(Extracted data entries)
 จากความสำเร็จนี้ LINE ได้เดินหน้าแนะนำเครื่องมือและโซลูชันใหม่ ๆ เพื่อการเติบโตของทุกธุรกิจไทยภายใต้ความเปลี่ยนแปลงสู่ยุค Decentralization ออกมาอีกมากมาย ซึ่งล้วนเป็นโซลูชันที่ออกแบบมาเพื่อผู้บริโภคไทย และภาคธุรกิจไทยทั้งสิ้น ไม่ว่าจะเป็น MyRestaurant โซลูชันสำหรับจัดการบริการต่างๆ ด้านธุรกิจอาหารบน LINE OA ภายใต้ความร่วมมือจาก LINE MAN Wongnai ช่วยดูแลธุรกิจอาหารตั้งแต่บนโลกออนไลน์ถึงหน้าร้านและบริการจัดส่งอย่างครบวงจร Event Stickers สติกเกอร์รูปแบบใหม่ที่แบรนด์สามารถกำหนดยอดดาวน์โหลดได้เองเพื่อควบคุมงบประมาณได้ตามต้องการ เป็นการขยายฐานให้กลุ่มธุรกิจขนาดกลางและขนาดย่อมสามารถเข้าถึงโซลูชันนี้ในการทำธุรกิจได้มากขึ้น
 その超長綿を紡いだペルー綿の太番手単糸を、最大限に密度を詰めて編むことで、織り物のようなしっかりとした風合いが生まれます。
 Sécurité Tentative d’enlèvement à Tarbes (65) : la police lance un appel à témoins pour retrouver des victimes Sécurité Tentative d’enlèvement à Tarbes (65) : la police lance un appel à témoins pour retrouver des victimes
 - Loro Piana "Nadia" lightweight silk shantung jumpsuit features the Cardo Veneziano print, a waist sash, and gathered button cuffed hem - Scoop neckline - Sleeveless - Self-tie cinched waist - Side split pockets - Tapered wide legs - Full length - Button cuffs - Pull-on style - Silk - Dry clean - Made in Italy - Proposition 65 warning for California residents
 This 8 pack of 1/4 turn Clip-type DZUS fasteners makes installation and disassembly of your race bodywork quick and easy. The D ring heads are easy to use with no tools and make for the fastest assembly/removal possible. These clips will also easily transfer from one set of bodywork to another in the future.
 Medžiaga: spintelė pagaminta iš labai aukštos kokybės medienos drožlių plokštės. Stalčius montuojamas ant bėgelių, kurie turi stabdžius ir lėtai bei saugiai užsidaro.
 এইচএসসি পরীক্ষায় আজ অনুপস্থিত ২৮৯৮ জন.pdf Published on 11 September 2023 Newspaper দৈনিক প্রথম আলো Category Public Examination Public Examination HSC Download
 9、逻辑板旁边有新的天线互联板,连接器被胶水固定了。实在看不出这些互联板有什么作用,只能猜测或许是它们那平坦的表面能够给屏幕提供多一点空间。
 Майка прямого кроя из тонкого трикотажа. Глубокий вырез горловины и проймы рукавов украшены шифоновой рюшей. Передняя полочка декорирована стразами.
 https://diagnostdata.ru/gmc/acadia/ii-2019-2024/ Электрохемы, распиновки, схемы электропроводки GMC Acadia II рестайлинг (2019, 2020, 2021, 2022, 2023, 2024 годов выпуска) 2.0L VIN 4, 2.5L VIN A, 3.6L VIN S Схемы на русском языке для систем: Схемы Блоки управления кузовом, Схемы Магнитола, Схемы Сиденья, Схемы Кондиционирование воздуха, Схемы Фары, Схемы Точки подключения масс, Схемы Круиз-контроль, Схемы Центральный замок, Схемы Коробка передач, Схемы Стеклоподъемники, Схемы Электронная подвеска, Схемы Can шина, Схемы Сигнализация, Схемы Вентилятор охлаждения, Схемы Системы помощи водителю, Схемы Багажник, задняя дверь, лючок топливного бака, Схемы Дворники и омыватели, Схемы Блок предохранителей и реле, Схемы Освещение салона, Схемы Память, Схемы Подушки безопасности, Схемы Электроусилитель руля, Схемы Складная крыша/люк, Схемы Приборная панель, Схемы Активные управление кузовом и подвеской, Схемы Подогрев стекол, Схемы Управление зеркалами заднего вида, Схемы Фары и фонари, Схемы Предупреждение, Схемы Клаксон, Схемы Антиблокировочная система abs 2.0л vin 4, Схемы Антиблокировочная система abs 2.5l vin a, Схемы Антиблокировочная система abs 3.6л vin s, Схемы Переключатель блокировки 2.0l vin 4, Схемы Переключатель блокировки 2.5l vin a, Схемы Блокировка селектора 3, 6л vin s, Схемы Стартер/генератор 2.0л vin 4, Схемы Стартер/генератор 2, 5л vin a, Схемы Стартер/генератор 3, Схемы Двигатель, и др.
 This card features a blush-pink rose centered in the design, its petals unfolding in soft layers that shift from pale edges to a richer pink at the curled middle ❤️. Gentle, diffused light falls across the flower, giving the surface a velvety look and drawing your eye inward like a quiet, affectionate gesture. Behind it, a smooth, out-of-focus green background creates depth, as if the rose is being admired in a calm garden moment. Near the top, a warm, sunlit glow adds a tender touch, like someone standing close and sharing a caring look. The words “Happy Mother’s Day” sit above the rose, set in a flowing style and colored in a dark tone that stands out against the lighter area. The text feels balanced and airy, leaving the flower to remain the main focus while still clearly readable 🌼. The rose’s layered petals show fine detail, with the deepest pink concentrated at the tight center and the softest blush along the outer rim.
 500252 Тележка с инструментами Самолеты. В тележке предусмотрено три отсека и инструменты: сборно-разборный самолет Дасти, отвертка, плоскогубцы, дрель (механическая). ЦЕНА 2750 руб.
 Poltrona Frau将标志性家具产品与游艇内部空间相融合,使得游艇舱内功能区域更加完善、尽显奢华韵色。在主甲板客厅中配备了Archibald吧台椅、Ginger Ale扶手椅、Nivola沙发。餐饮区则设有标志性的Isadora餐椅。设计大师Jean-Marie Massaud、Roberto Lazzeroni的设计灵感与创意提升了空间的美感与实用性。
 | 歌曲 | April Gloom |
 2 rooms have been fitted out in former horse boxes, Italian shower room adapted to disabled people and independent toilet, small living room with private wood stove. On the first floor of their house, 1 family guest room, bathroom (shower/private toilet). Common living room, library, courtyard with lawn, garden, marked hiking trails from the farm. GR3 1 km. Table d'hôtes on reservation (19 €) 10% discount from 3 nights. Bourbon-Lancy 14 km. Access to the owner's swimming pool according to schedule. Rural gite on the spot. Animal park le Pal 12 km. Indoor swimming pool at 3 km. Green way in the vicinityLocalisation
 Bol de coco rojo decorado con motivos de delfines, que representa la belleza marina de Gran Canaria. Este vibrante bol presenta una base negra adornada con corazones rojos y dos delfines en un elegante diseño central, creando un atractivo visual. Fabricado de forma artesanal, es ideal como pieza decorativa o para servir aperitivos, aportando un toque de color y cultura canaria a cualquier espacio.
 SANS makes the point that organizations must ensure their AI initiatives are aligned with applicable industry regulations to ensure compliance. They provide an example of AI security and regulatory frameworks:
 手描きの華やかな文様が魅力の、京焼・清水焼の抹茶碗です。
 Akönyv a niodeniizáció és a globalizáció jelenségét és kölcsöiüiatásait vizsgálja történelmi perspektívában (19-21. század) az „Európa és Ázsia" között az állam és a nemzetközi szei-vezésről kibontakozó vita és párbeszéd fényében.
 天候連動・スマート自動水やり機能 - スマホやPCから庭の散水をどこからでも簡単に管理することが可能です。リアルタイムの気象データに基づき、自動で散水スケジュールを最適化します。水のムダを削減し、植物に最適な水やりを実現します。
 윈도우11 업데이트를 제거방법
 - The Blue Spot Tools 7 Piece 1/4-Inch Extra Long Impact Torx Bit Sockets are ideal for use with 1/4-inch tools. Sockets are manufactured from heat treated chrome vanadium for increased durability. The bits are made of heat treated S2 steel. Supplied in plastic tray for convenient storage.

WHAT THE TASK REQUIRES: Retype the entries exactly, including every line.

YOUR SOLUTION:
 จากความสำเร็จนี้ LINE ได้เดินหน้าแนะนำเครื่องมือและโซลูชันใหม่ ๆ เพื่อการเติบโตของทุกธุรกิจไทยภายใต้ความเปลี่ยนแปลงสู่ยุค Decentralization ออกมาอีกมากมาย ซึ่งล้วนเป็นโซลูชันที่ออกแบบมาเพื่อผู้บริโภคไทย และภาคธุรกิจไทยทั้งสิ้น ไม่ว่าจะเป็น MyRestaurant โซลูชันสำหรับจัดการบริการต่างๆ ด้านธุรกิจอาหารบน LINE OA ภายใต้ความร่วมมือจาก LINE MAN Wongnai ช่วยดูแลธุรกิจอาหารตั้งแต่บนโลกออนไลน์ถึงหน้าร้านและบริการจัดส่งอย่างครบวงจร Event Stickers สติกเกอร์รูปแบบใหม่ที่แบรนด์สามารถกำหนดยอดดาวน์โหลดได้เองเพื่อควบคุมงบประมาณได้ตามต้องการ เป็นการขยายฐานให้กลุ่มธุรกิจขนาดกลางและขนาดย่อมสามารถเข้าถึงโซลูชันนี้ในการทำธุรกิจได้มากขึ้น
 その超長綿を紡いだペルー綿の太番手単糸を、最大限に密度を詰めて編むことで、織り物のようなしっかりとした風合いが生まれます。
 Sécurité Tentative d’enlèvement à Tarbes (65) : la police lance un appel à témoins pour retrouver des victimes Sécurité Tentative d’enlèvement à Tarbes (65) : la police lance un appel à témoins pour retrouver des victimes
 - Loro Piana "Nadia" lightweight silk shantung jumpsuit features the Cardo Veneziano print, a waist sash, and gathered button cuffed hem - Scoop neckline - Sleeveless - Self-tie cinched waist - Side split pockets - Tapered wide legs - Full length - Button cuffs - Pull-on style - Silk - Dry clean - Made in Italy - Proposition 65 warning for California residents
 This 8 pack of 1/4 turn Clip-type DZUS fasteners makes installation and disassembly of your race bodywork quick and easy. The D ring heads are easy to use with no tools and make for the fastest assembly/removal possible. These clips will also easily transfer from one set of bodywork to another in the future.
 Medžiaga: spintelė pagaminta iš labai aukštos kokybės medienos drožlių plokštės. Stalčius montuojamas ant bėgelių, kurie turi stabdžius ir lėtai bei saugiai užsidaro.
 এইচএসসি পরীক্ষায় আজ অনুপস্থিত ২৮৯৮ জন.pdf Published on 11 September 2023 Newspaper দৈনিক প্রথম আলো Category Public Examination Public Examination HSC Download
 9、逻辑板旁边有新的天线互联板,连接器被胶水固定了。实在看不出这些互联板有什么作用,只能猜测或许是它们那平坦的表面能够给屏幕提供多一点空间。
 Майка прямого кроя из тонкого трикотажа. Глубокий вырез горловины и проймы рукавов украшены шифоновой рюшей. Передняя полочка декорирована стразами.
 https://diagnostdata.ru/gmc/acadia/ii-2019-2024/ Электрохемы, распиновки, схемы электропроводки GMC Acadia II рестайлинг (2019, 2020, 2021, 2022, 2023, 2024 годов выпуска) 2.0L VIN 4, 2.5L VIN A, 3.6L VIN S Схемы на русском языке для систем: Схемы Блоки управления кузовом, Схемы Магнитола, Схемы Сиденья, Схемы Кондиционирование воздуха, Схемы Фары, Схемы Точки подключения масс, Схемы Круиз-контроль, Схемы Центральный замок, Схемы Коробка передач, Схемы Стеклоподъемники, Схемы Электронная подвеска, Схемы Can шина, Схемы Сигнализация, Схемы Вентилятор охлаждения, Схемы Системы помощи водителю, Схемы Багажник, задняя дверь, лючок топливного бака, Схемы Дворники и омыватели, Схемы Блок предохранителей и реле, Схемы Освещение салона, Схемы Память, Схемы Подушки безопасности, Схемы Электроусилитель руля, Схемы Складная крыша/люк, Схемы Приборная панель, Схемы Активные управление кузовом и подвеской, Схемы Подогрев стекол, Схемы Управление зеркалами заднего вида, Схемы Фары и фонари, Схемы Предупреждение, Схемы Клаксон, Схемы Антиблокировочная система abs 2.0л vin 4, Схемы Антиблокировочная система abs 2.5l vin a, Схемы Антиблокировочная система abs 3.6л vin s, Схемы Переключатель блокировки 2.0l vin 4, Схемы Переключатель блокировки 2.5l vin a, Схемы Блокировка селектора 3, 6л vin s, Схемы Стартер/генератор 2.0л vin 4, Схемы Стартер/генератор 2, 5л vin a, Схемы Стартер/генератор 3, Схемы Двигатель, и др.
 This card features a blush-pink rose centered in the design, its petals unfolding in soft layers that shift from pale edges to a richer pink at the curled middle ❤️. Gentle, diffused light falls across the flower, giving the surface a velvety look and drawing your eye inward like a quiet, affectionate gesture. Behind it, a smooth, out-of-focus green background creates depth, as if the rose is being admired in a calm garden moment. Near the top, a warm, sunlit glow adds a tender touch, like someone standing close and sharing a caring look. The words “Happy Mother’s Day” sit above the rose, set in a flowing style and colored in a dark tone that stands out against the lighter area. The text feels balanced and airy, leaving the flower to remain the main focus while still clearly readable 🌼. The rose’s layered petals show fine detail, with the deepest pink concentrated at the tight center and the softest blush along the outer rim.
 500252 Тележка с инструментами Самолеты. В тележке предусмотрено три отсека и инструменты: сборно-разборный самолет Дасти, отвертка, плоскогубцы, дрель (механическая). ЦЕНА 2750 руб.
 Poltrona Frau将标志性家具产品与游艇内部空间相融合,使得游艇舱内功能区域更加完善、尽显奢华韵色。在主甲板客厅中配备了Archibald吧台椅、Ginger Ale扶手椅、Nivola沙发。餐饮区则设有标志性的Isadora餐椅。设计大师Jean-Marie Massaud、Roberto Lazzeroni的设计灵感与创意提升了空间的美感与实用性。
 | 歌曲 | April Gloom |
 2 rooms have been fitted out in former horse boxes, Italian shower room adapted to disabled people and independent toilet, small living room with private wood stove. On the first floor of their house, 1 family guest room, bathroom (shower/private toilet). Common living room, library, courtyard with lawn, garden, marked hiking trails from the farm. GR3 1 km. Table d'hôtes on reservation (19 €) 10% discount from 3 nights. Bourbon-Lancy 14 km. Access to the owner's swimming pool according to schedule. Rural gite on the spot. Animal park le Pal 12 km. Indoor swimming pool at 3 km. Green way in the vicinityLocalisation
 Bol de coco rojo decorado con motivos de delfines, que representa la belleza marina de Gran Canaria. Este vibrante bol presenta una base negra adornada con corazones rojos y dos delfines en un elegante diseño central, creando un atractivo visual. Fabricado de forma artesanal, es ideal como pieza decorativa o para servir aperitivos, aportando un toque de color y cultura canaria a cualquier espacio.
 SANS makes the point that organizations must ensure their AI initiatives are aligned with applicable industry regulations to ensure compliance. They provide an example of AI security and regulatory frameworks:
 手描きの華やかな文様が魅力の、京焼・清水焼の抹茶碗です。
 Akönyv a niodeniizáció és a globalizáció jelenségét és kölcsöiüiatásait vizsgálja történelmi perspektívában (19-21. század) az „Európa és Ázsia" között az állam és a nemzetközi szei-vezésről kibontakozó vita és párbeszéd fényében.
 天候連動・スマート自動水やり機能 - スマホやPCから庭の散水をどこからでも簡単に管理することが可能です。リアルタイムの気象データに基づき、自動で散水スケジュールを最適化します。水のムダを削減し、植物に最適な水やりを実現します。
 윈도우11 업데이트를 제거방법
 - The Blue Spot Tools 7 Piece 1/4-Inch Extra Long Impact Torx Bit Sockets are ideal for use with 1/4-inch tools. Sockets are manufactured from heat treated chrome vanadium for increased durability. The bits are made of heat treated S2 steel. Supplied in plastic tray for convenient storage.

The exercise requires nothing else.